There are two approaches to problem management:
- Reactive problem management, through the logging of calls and requests
- Proactive problem management, through
- trend analysis of call and request data (for example by performing simple searches
- the integration of event management tools that enable you to identify events (defined as any deviation from normal or expected operation of a piece of infrastructure) before incidents are logged
- the automated logging of calls and requests based on a set of user-defined criteria. This is supported by the AI Ops functionality, as described below
AI Ops enhances your Problem Management process by allowing you to set up rules to automatically log calls or requests based on events in your call and request activity. In this way, problems may be identified before Incidents occur.
You can schedule “AI Ops rules” which will run and analyze your Call and Request activity. Each rule has a “threshold” that is, a particular number of events within a running period, and a set of conditions which, when met, will automatically trigger a new call/request in ASM.
A Problem Manager suspects instability in the network environment.

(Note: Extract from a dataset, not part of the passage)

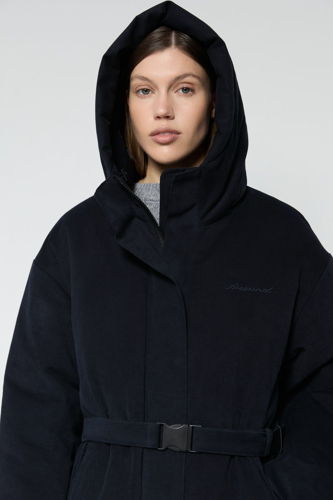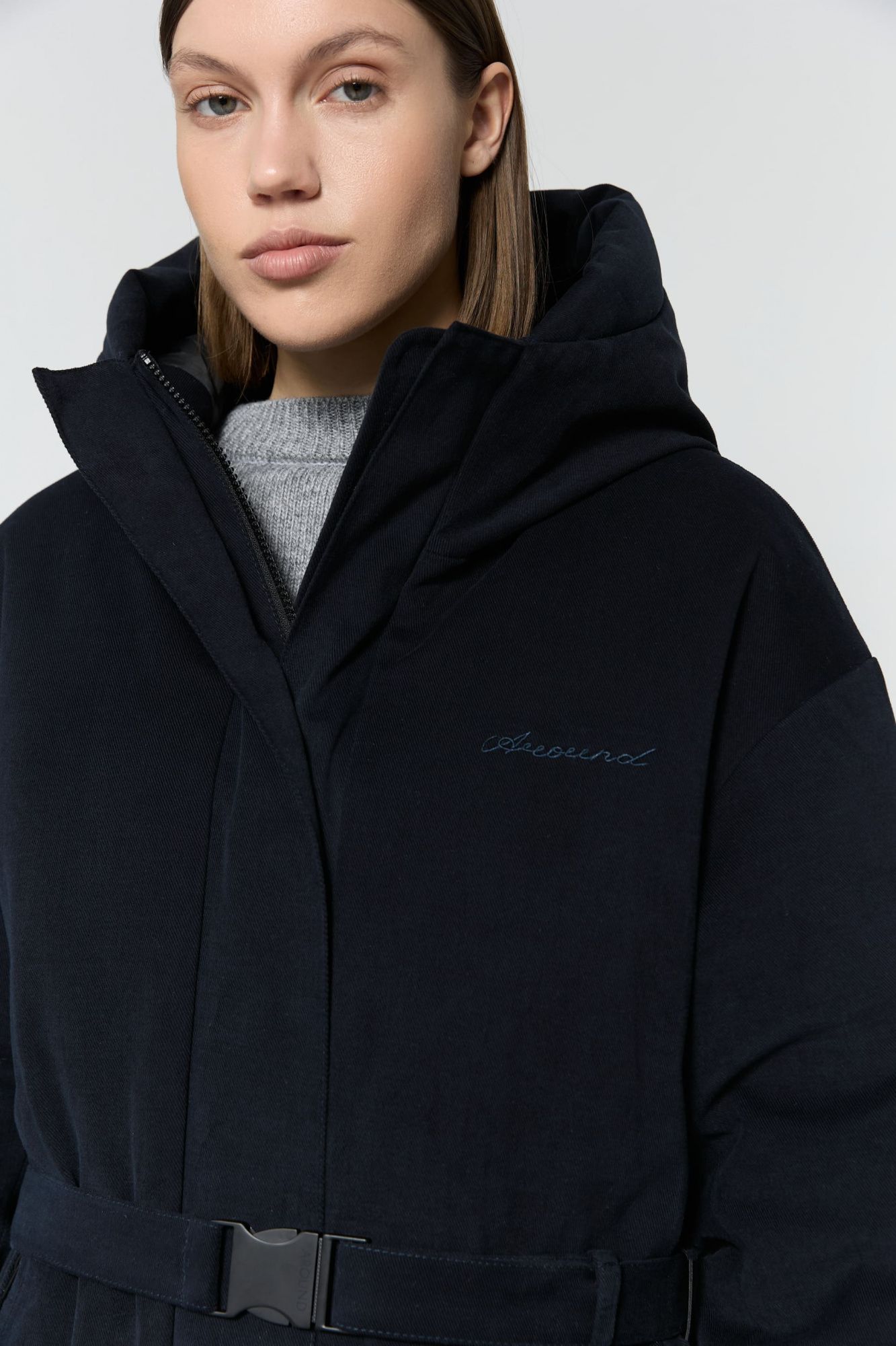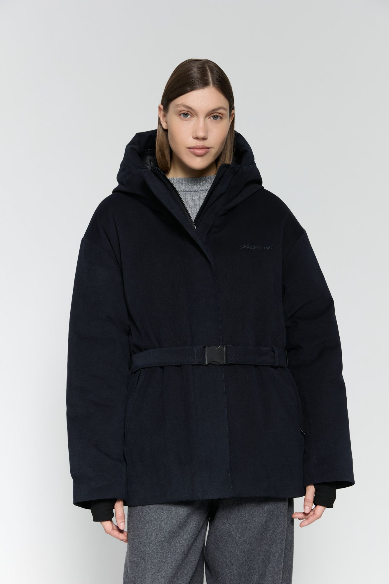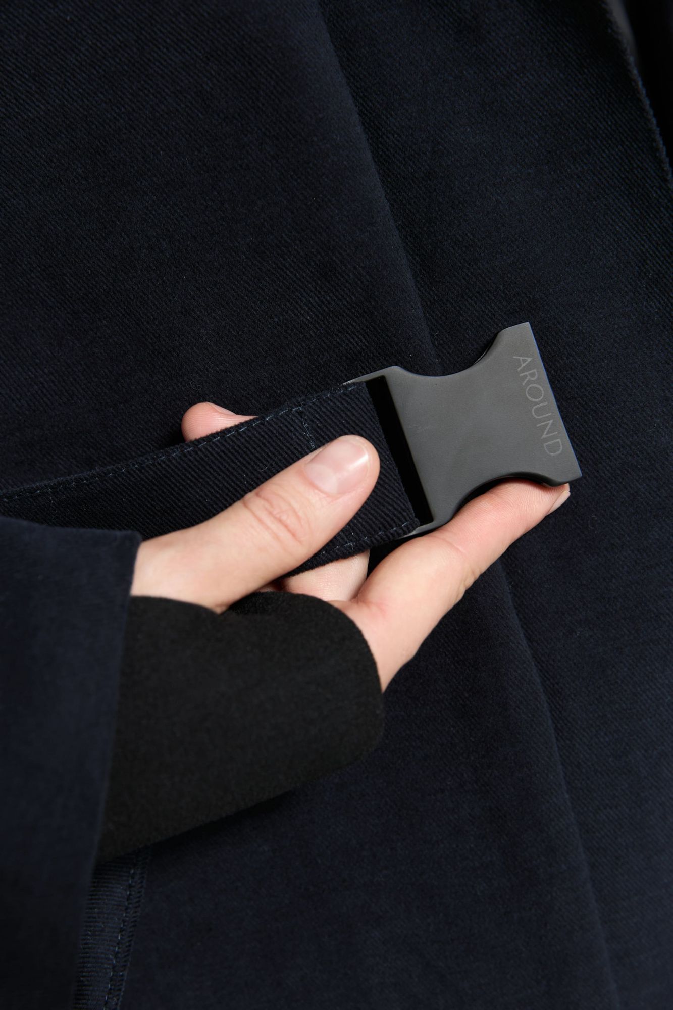 На талии есть шлевки и съемный пояс, при желании можно создать приталенный силуэт. По низу - внутренняя затяжка на резинку с фиксаторами. На груди вышита надпись Around в тон изделию.

She can configure an automated AI Ops rule to log a Problem call whenever more than 5 high priority outage calls are logged against critical servers. She can configure the rule to exclude any servers that have a Physical Status of “In Test” or “Training Dedicated”. Finally, she can link a Call Template to the rule to direct the call to the Problem Management team when it is logged by the system. When this AI Ops runs and reaches the threshold of 5 high priority outage calls against the critical server, a new call is automatically logged by the system and forwarded to the Problem Management team.
The Problem Manager is concerned that a high level of redundancy in the network is making it difficult to identify unreliable hardware. She is most concerned when outages occur in multiple redundant items supporting a parent hardware item.
She configures an automated AI Ops rule to log a call whenever there are more than 5 occurrences in a 3-month period where more than 60% of the redundant items linked to the parent CMDB item are out at the same time.
You can use the IPK Workflow Rules Builder to automate the routing of calls and call notifications through IPK Rules.
an AI Ops rule will consider open calls or requests for analysis, including a call has been created but not yet forwarded to anyone.